Dorothy Doolittle

Personal information
- Born: October 17, 1946 (age 79) Elgin, Texas, U.S.
- Height: 4 ft 11.75 in (152 cm)
- Weight: 90 lb (41 kg)

Sport
- Sport: Athletics

Medal record
Marathon
Major marathons
Representing United States
| Bronze medal – third place | 1976 Boston | Marathon |
| Gold medal – first place | 1977 Chicago | Marathon |

= Dorothy Doolittle =

American marathon runner and athletics coach

Dorothy Doolittle (born October 17, 1946) is an American former marathon runner and athletics coach, who won the inaugural Chicago Marathon in 1977. She was an assistant coach of the US Women's team at the 1992 Summer Olympics.

==Early life==
Doolittle was brought up in Elgin, Texas. She studied at the University of Mary Hardin–Baylor in Belton, Texas. At her college, women could only run in events up to 800m.

==Career==
Doolittle's first competitive event was the 1973 Houston Marathon. In 1975, Doolittle won the Houston Marathon, and the Rice Festival Marathon in Crowley, Louisiana. In 1976, she won the White Rock Marathon (now the Dallas Marathon), and came third at the Boston Marathon. She forgot to wear her running watch at the Boston Marathon, which she believes cost her many minutes of time, and a chance of victory.
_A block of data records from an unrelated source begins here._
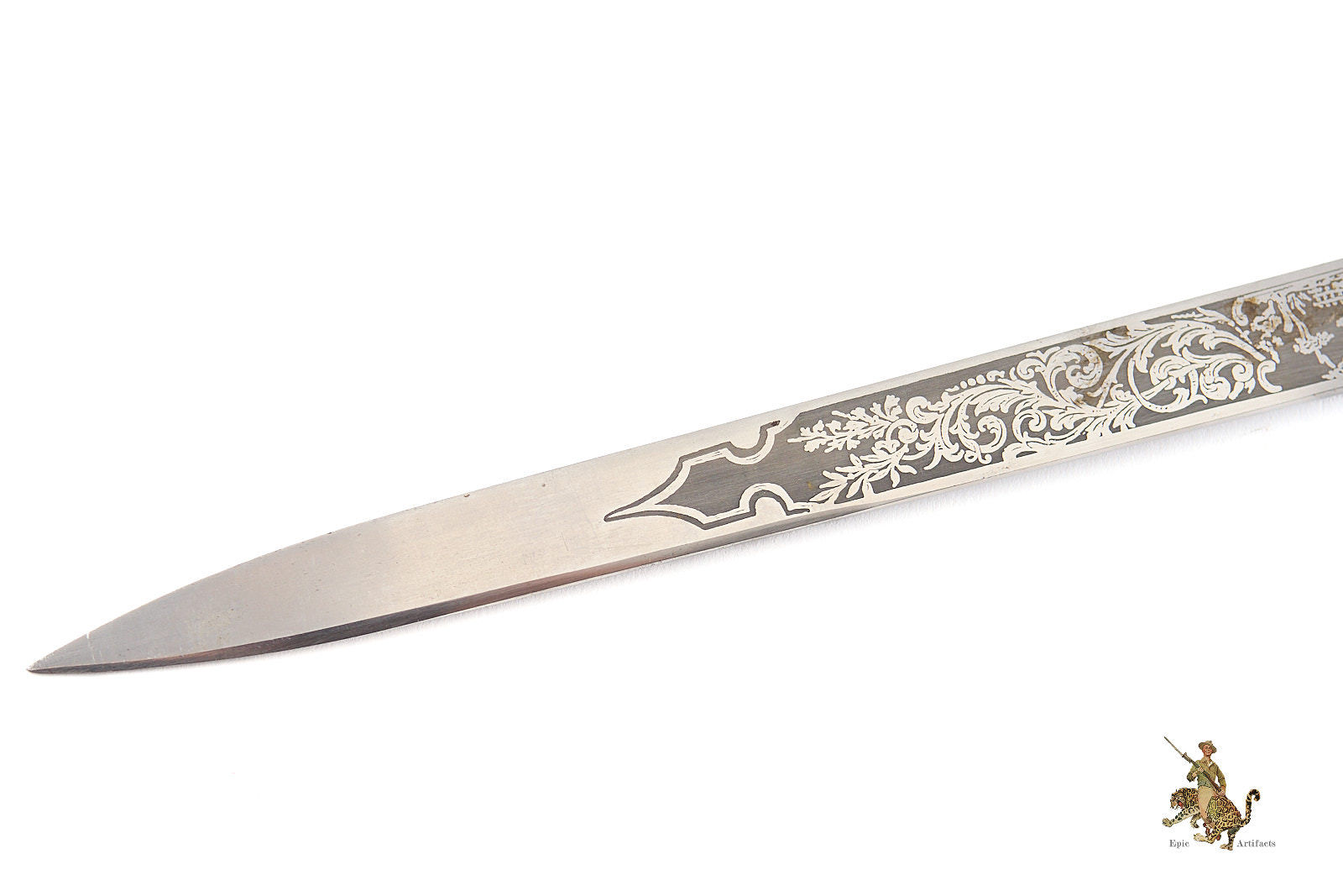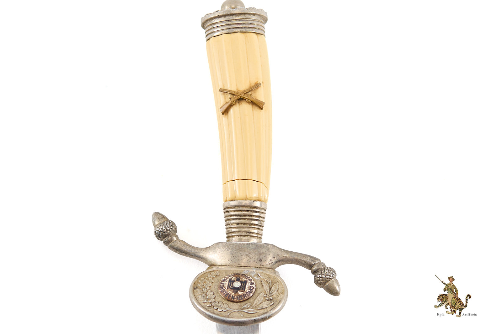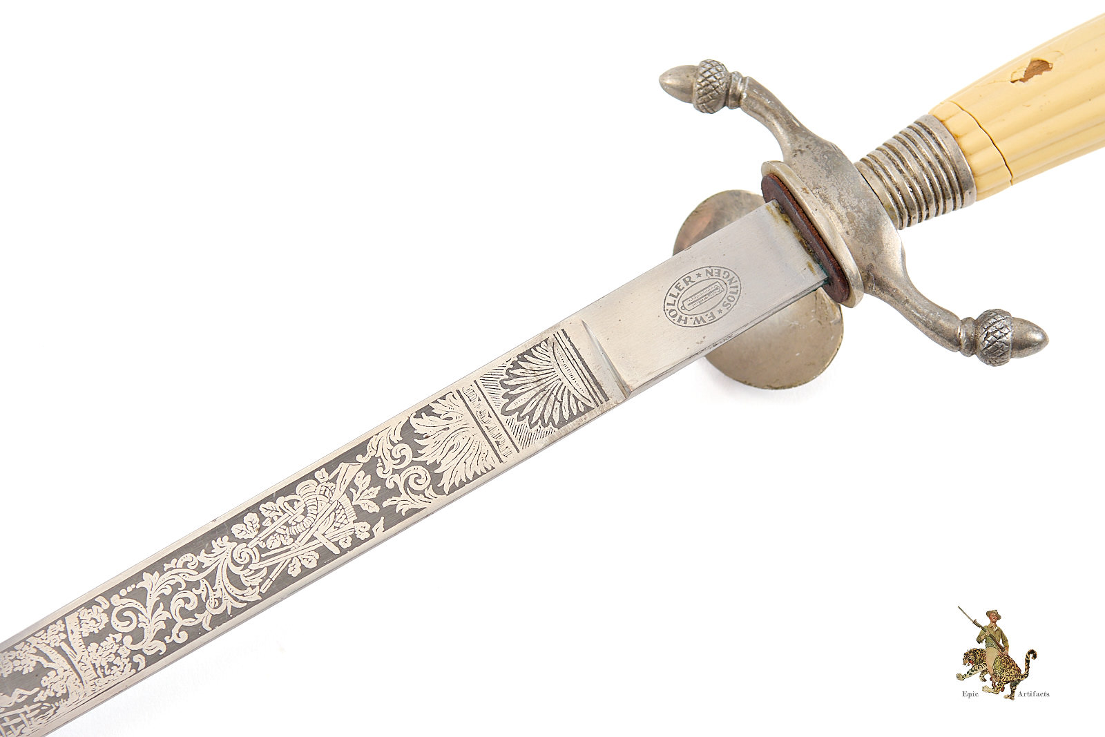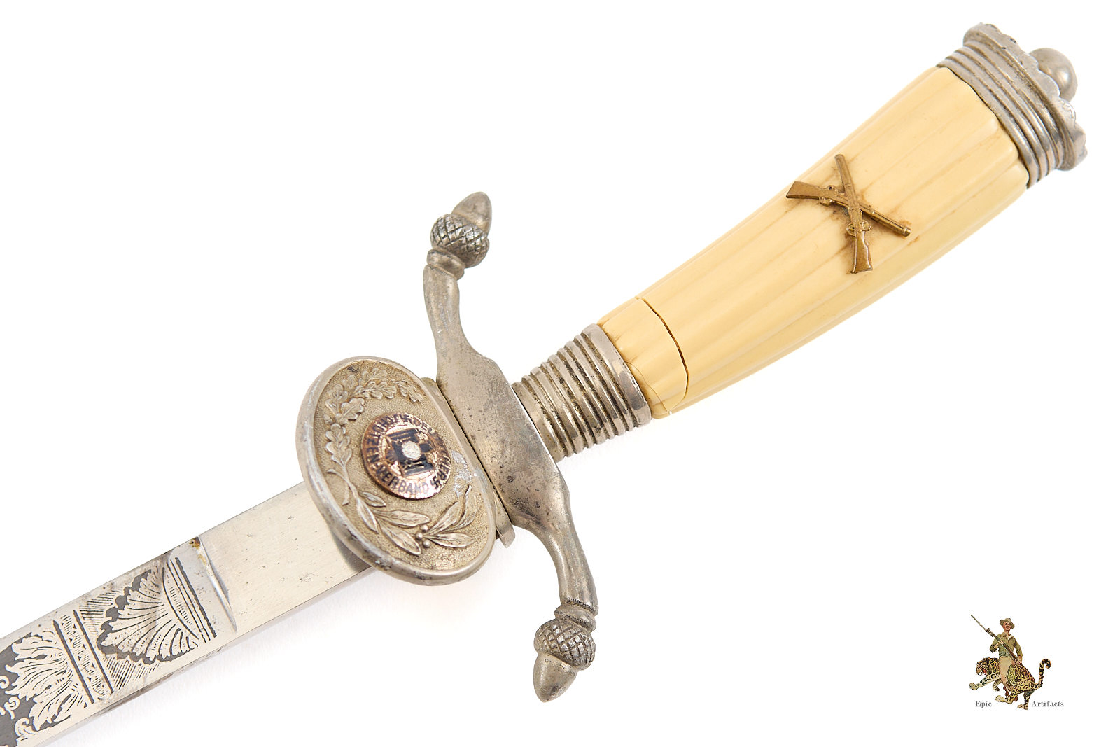 Product Description: A rare Rifle Association Dagger by Holler, highly sought after and notably absent from many collections. The blade is elegantly etched on both sides, exhibiting crisp detail with only minimal age patina, and is stamped on the reverse with Holler’s distinctive “thermometer” maker’s mark. The handle retains plated fittings and a cream-colored grip, which shows a puncture and crack; the original crossed rifle emblem has been replaced with a U.S. Infantry rifle insignia, likely installed by a returning American veteran.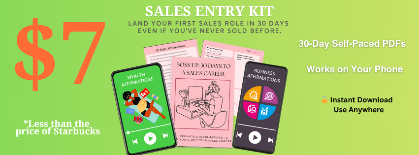 This is your 30-day glow-up blueprint for launching a sales career that actually feels aligned. You’ll walk through daily journal prompts, affirmations, and mindset exercises designed to help you finally believe in yourself, pitch yourself, and boss up in your career.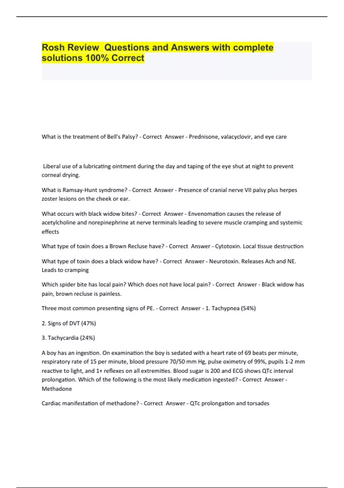 Rosh Review Questions and Answers with complete solutions 100% Correct.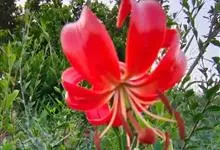 山丹是百合科百合属的多年生草本植物。鳞茎卵形或圆锥形,鳞片长圆形或长卵形,白色;叶散生茎中部,线形,边缘有乳头状突起;花单生或数朵成总状花序,花鲜红色,常无斑点,花被片反卷,…全部>>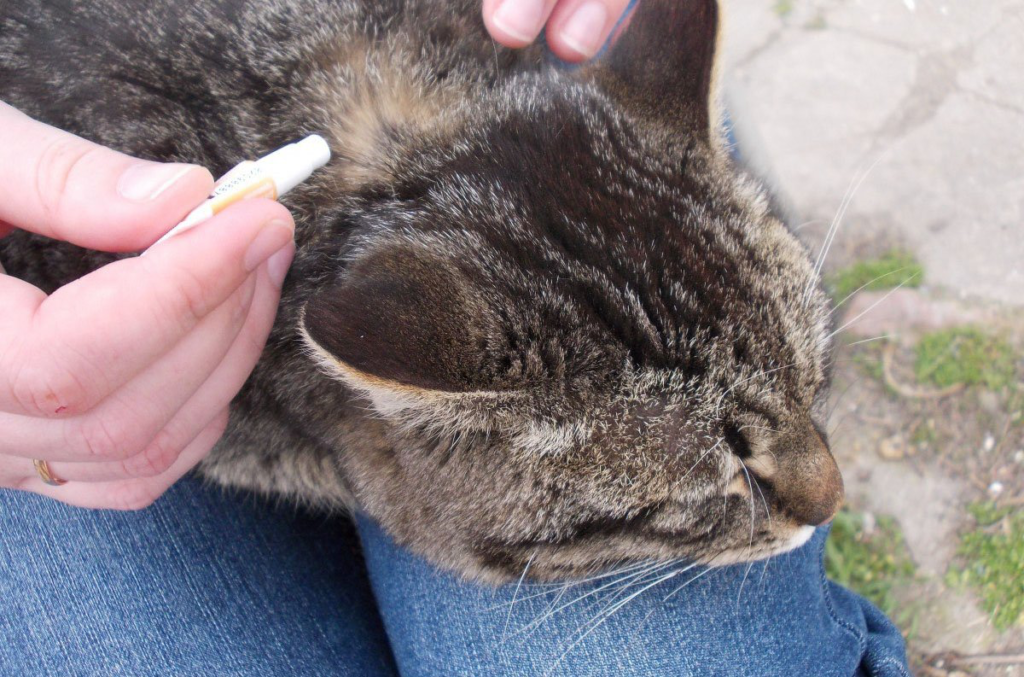 Капли наносят на кожу кошки в области холки. Для этого пипетку держат вертикально носиком вверх. Кончик аккуратно отрезают, раздвигают шерсть в области холки кошки и наносят капли непосредственно на кожу в нескольких местах, до которых кошка не дотянется при облизывании (между лопатками, на линию позвоночника).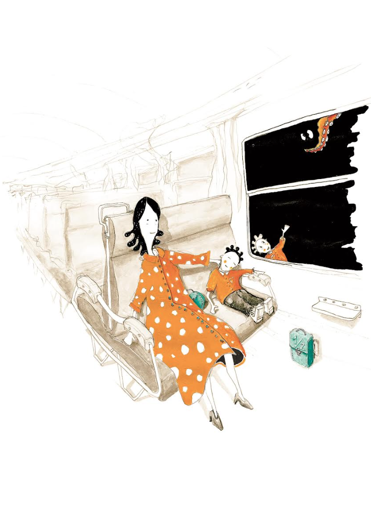 Ilustração de mulher e criança sentados num banco de comboio com polvo visível na janela.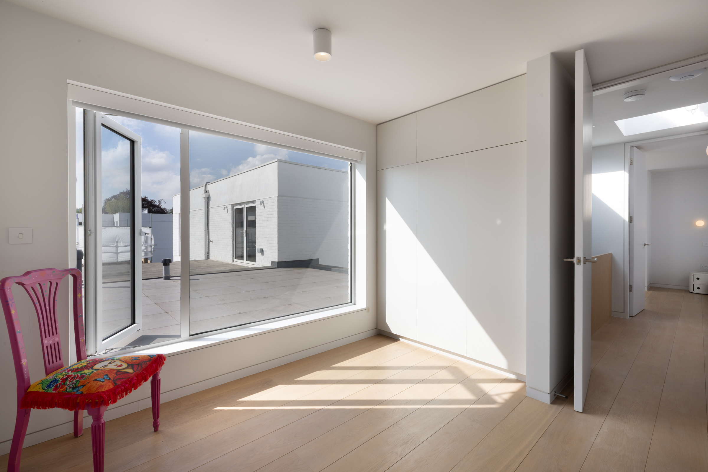 The top floor is a later addition and feels notably bright. Two further double bedrooms are arranged here, both with built-in wardrobes and their own ensuite bathrooms. The proportions are consistent with the rest of the house, and the layout is straightforward and well resolved.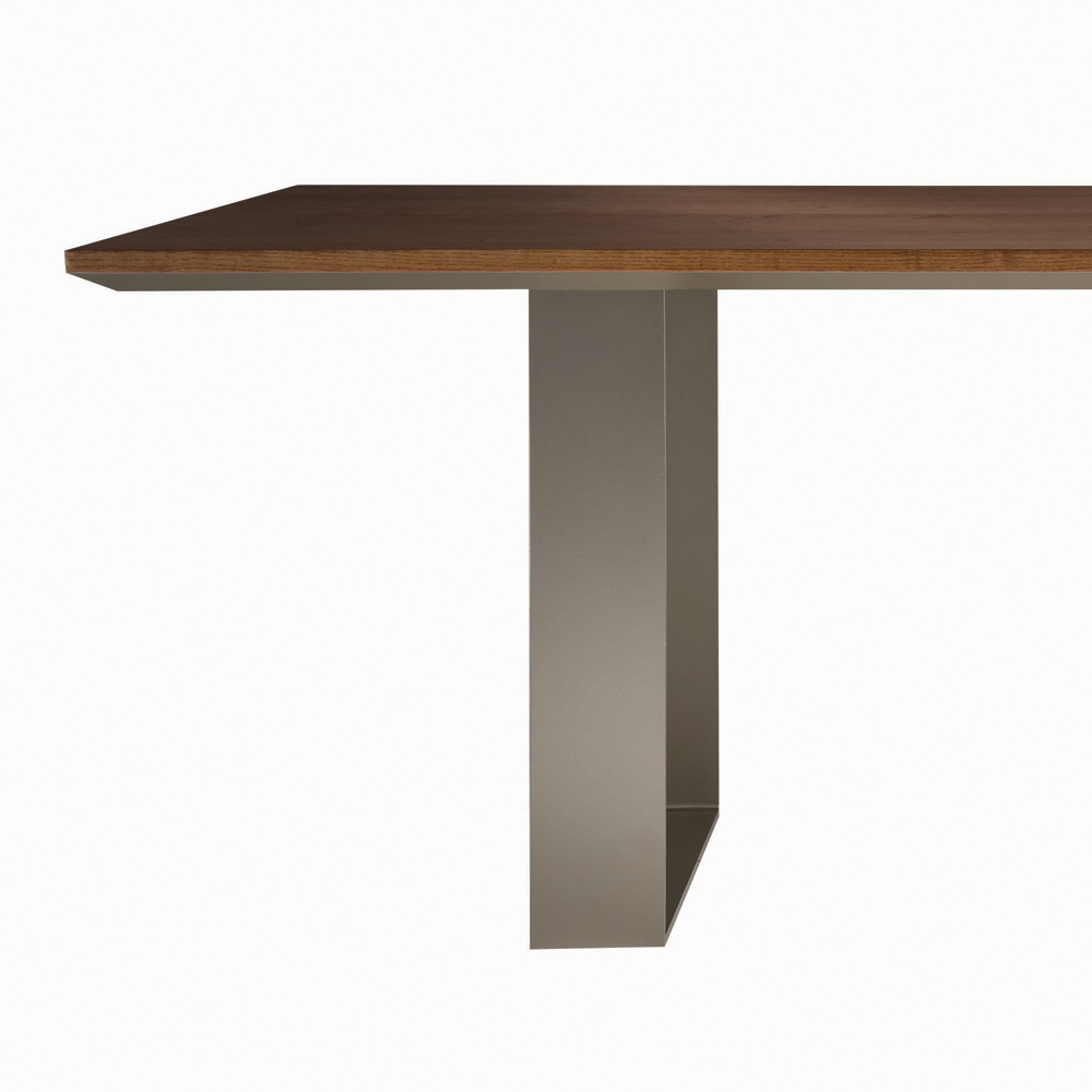 طاولة طعام مصنوعة في إيطاليا، تتكون من ساقينحديديتين وسطح من خشب البلاك بورد المصمت مع دعامة من خشب MDF. قطعة ديكور أنيقة بتصميم بسيط وعصري للغاية، مصممة لتضفي لمسةً مميزة على أي مساحة معيشة. تصميمها بسيط للغاية، بأشكاله البسيطة، وسطحه المستطيل المرتكز على ساقين، بحرفية عالية، يضفي لمسةً بصرية ديناميكية وأنيقة.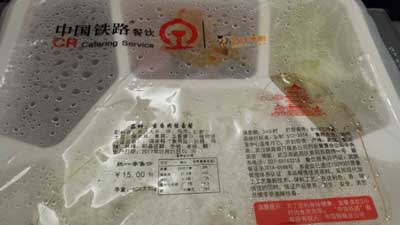 G523從北京西站發(fā)車時(shí)間是下午16:30,到武漢站的時(shí)間是晚上21:50,這個(gè)時(shí)間段正好是晚餐時(shí)間,18點(diǎn)不到,高鐵售貨員開始推著售貨車叫賣晚餐盒飯。記者所在的12車廂有幾位乘客詢問晚餐價(jià)格,售貨員推薦的都是40元的梅菜扣肉套餐,擺放在售貨車的外面,最后只有1位乘客購買了一份40元的梅菜扣肉套餐。記者多次向售貨員詢問是否有其他盒飯,便宜一點(diǎn)的套餐,售貨員才從餐車內(nèi)取出15元的套餐,記者點(diǎn)了一份15元的魚香肉絲套餐,套餐內(nèi)有魚香肉絲、干蘿卜炒肉和包菜共3個(gè)菜,感覺挺實(shí)惠。很多乘客在晚餐的飯點(diǎn)都是自備的面包、點(diǎn)心和方便面之類的食品。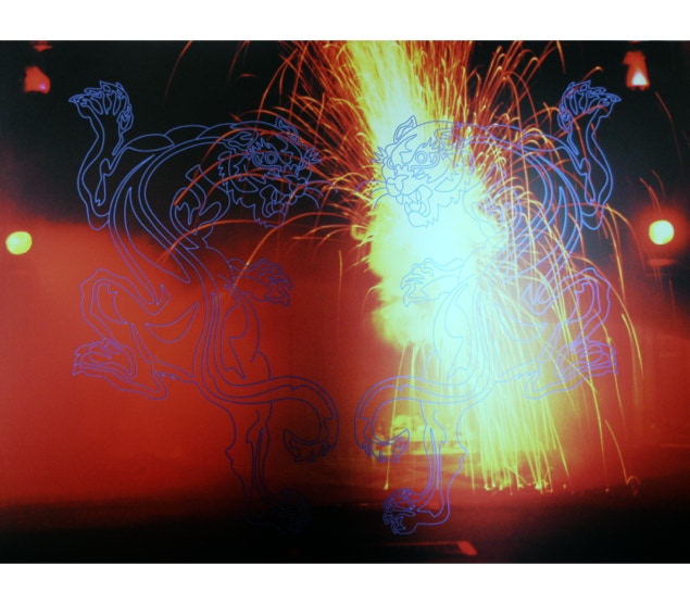 Hellfire Cat | Farbdruck, Silberfolie, Alu-Dibond | 100 x 133 cm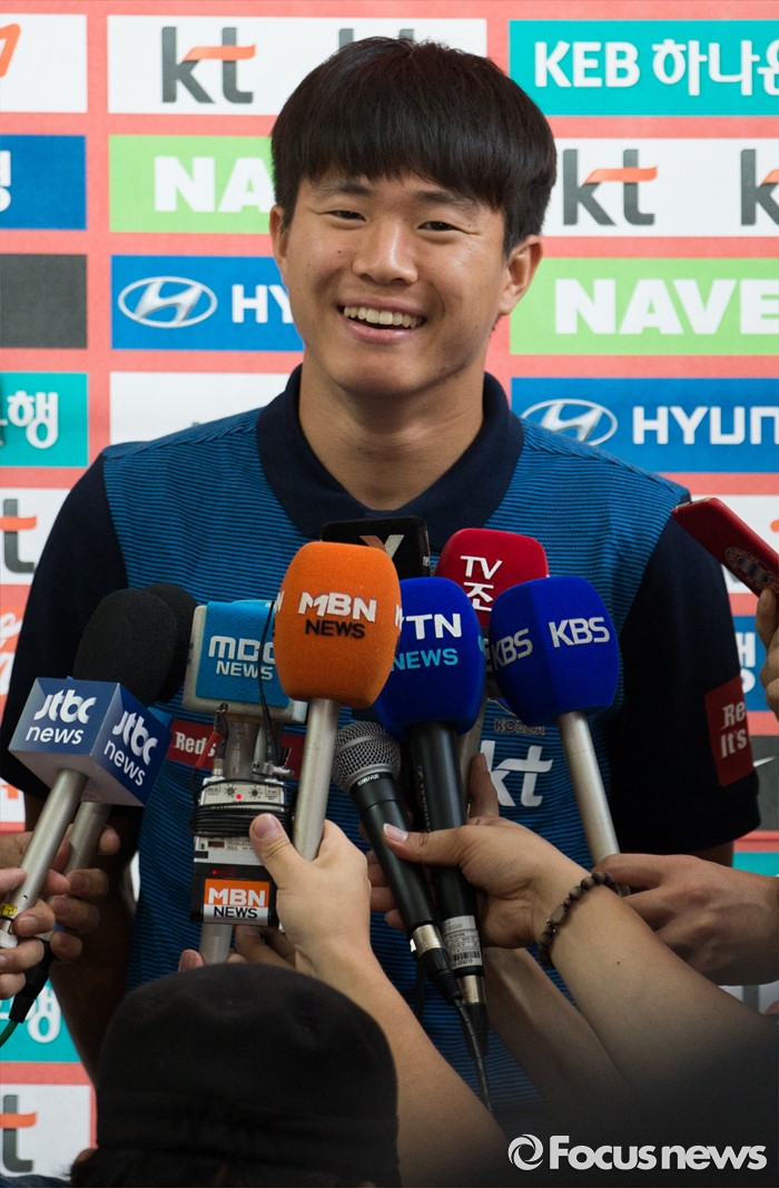 | △ 밝은 미소로 취재진 질문 답하는 권창훈 |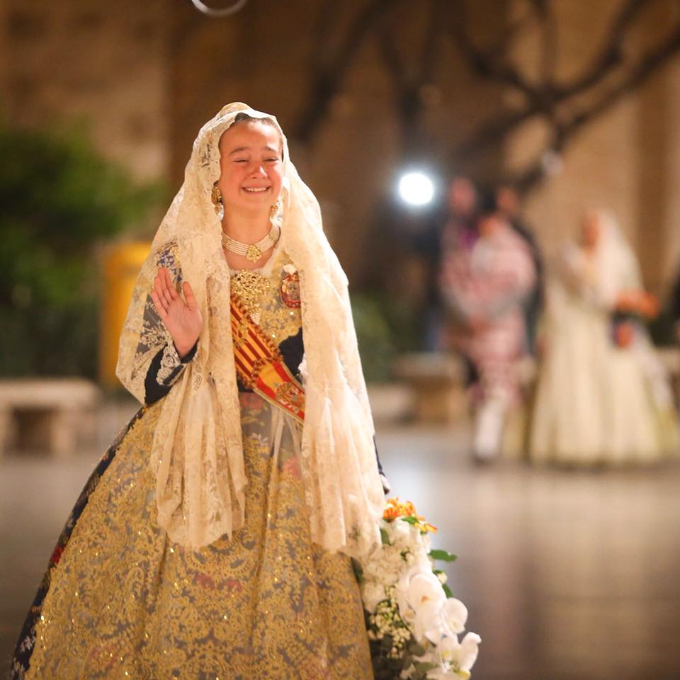 Les Falles 2018 han viscut un dels seus grans moments amb el final de la primera jornada d’Ofrena. La fallera major infantil de València, Daniela Gómez dels Àngels, ha tancat un festeig que, des de dos quarts de quatre de la vesprada, ha portat a 49.570 persones als peus de la imatge de la Verge dels Desemparats.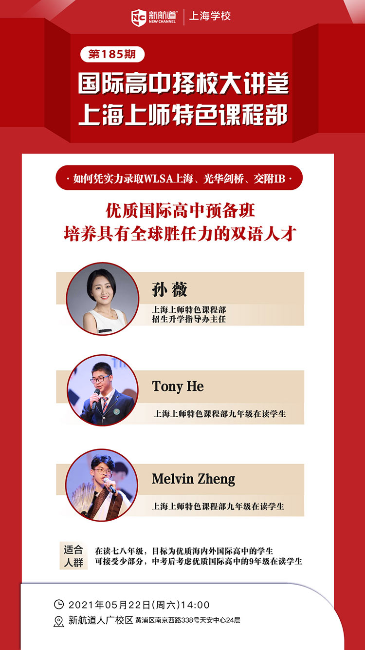 【讲座主题】:第185期 国际高中择校大讲堂 上海上师特色课程部

At the time, she was recorded as being the eight fastest female marathon runner in the world, and the fastest in Texas state. In the same year, Doolittle won the marathon event at the Amateur Athletic Union Championships.

In 1977, Doolittle won the Houston Marathon again, in a record time. As such, she was invited to attend the inaugural Chicago Marathon. She had to pay an entrance fee of $5 to enter the race, and paid for her own transport to the event. Doolittle won the race, in a time of 2:50:47, winning the race by over four minutes. Later in the year, Doolittle lost the trophy that had been awarded to her for winning the event. The 1977 Chicago Marathon was Doolittle's last competitive race.

In 2002, Doolittle competed at the 5,000 meter race that accompanied that year's Chicago Marathon. It was the first time Doolittle had attended the marathon since her victory.

===Coaching career===
Doolittle has coached at high schools and colleges including Westlake High School, Hill Country Middle School, and the Universities of Missouri, Houston, Stanford and Tennessee. She was head coach at Tennessee from 1989 to 1997, and whilst coaching there, she was selected as coach of the US women's team for the 1991 Pan American Games. She was also an assistant coach of the US women's team at the 1992 Summer Olympics in Barcelona, Spain. In 1993, Doolittle was given the NACDA/USOC Collegiate Olympic Coaches award. Doolittle returned to Elgin in 1999, to teach in the Elgin Independent School District.